Natürlich würde jedes weitere Wort über die Geschichte das Erlebnis das Side Effekts beim ersten Sehen bereitet völlig zerstören. Es is ein wirklich ergreifender psychologischer Thriller mit fantastischen Darstellern. Jude Law ist komplett selbstlos in seiner Rolle als ambitionierter Dr. Banks, Channing Tatum spielt den liebenden und verstörten Ehemann perfekt, Catherine Zeta Jones ist faszinierend determiniert und eiskalt und Rooney Mara ist ganz einfach der nächste Superstar. Sie war schon in früheren Filmen großartig, aber diese Rolle passt ihr einfach wie angegossen.  Ähnlich genial wie Mia Farrow in Rosemaries Baby, Tippi Hedren in Marnie oder Sissy Spacek in Carrie spielt sie die Ambiguität von Verängstigt und Angst einflößend, Verletzlich und verletzend und Opfer und Täter ihrer Rolle. Es ist eine gruselige Freude Ihr bei den stetigen Wechseln zuzuschauen!

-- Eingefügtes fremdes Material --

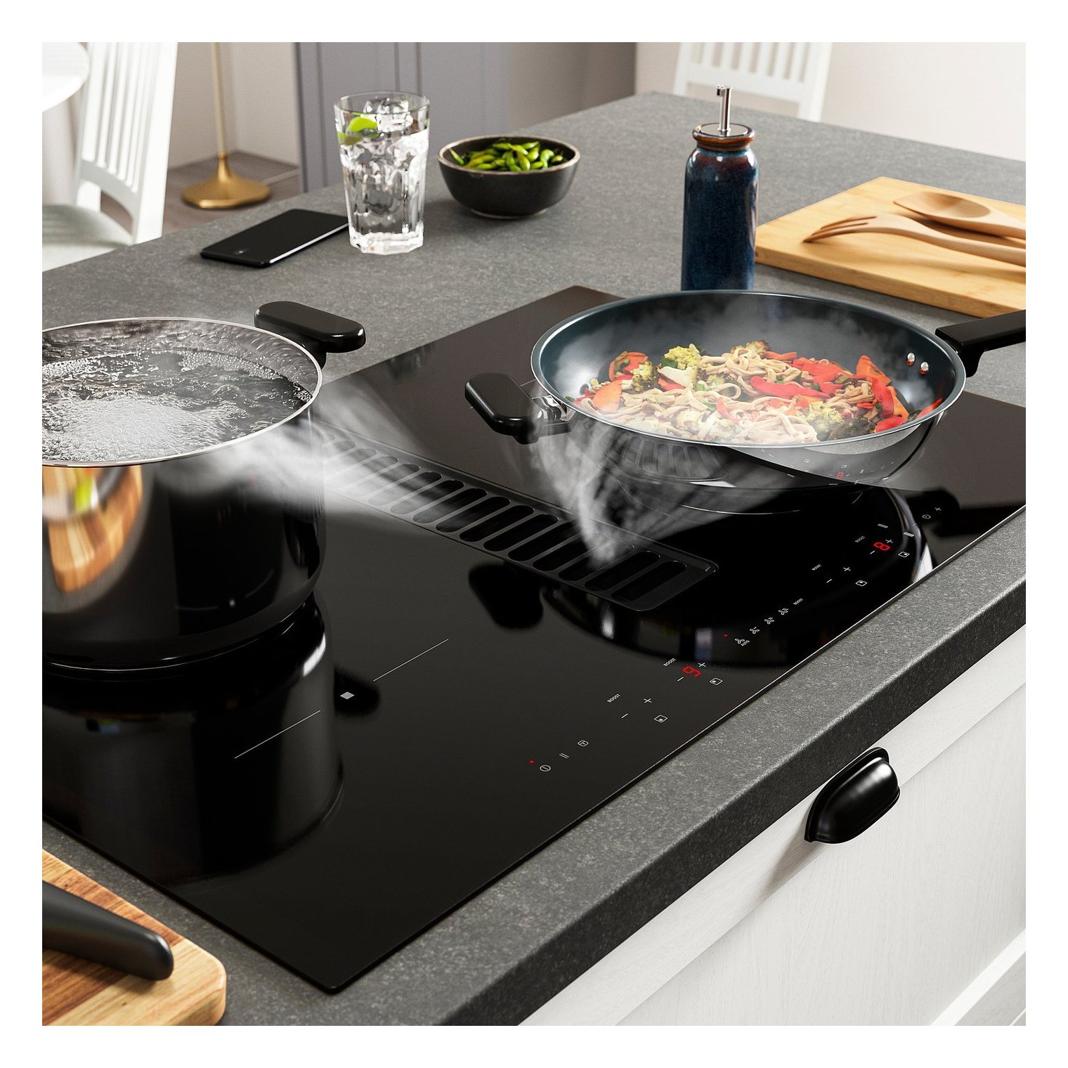 Индукционные варочные панели отличаются исключительной энергоэффективностью и позволяют готовить быстро и точно, поскольку индукционная технология передает энергию непосредственно на магнитную посуду.

Und dann ist da natürlich noch Mr. Soderbergh, der ernsthaft behauptet dies sei sein Abschieds-Film.  Er schafft es mit den Künsten seiner Darsteller mitzuhalten und findet die richtige Balance zwischen Charakter-Studie und Thriller-Action sowie aufgeladenen Bildern und Konversationen die von jeglichen Informationen entleert wurden.  Der Zuschauer sucht so zunehmend verzweifelt nach irgendwelchen Hinweisen für die Auflösung der Geschichte und am Ende geht es so schnell, dass der Fim vorbei ist bevor man realisiert was gerade passiert ist. Es ist natürlich ein bombastischer Abschluss einer Karriere, aber nach dieser Fulminanz wünschen sich die Zuschauer natürlich eine baldige Zugabe!

P.S.: Ihr wollt Side Effects unbedingt im Kino sehen. Nur in einem dunkler Raum ohne jegliche Ablenkung kann man aus den Puzzleteilen des Plots die gesamte Geschichte stricken.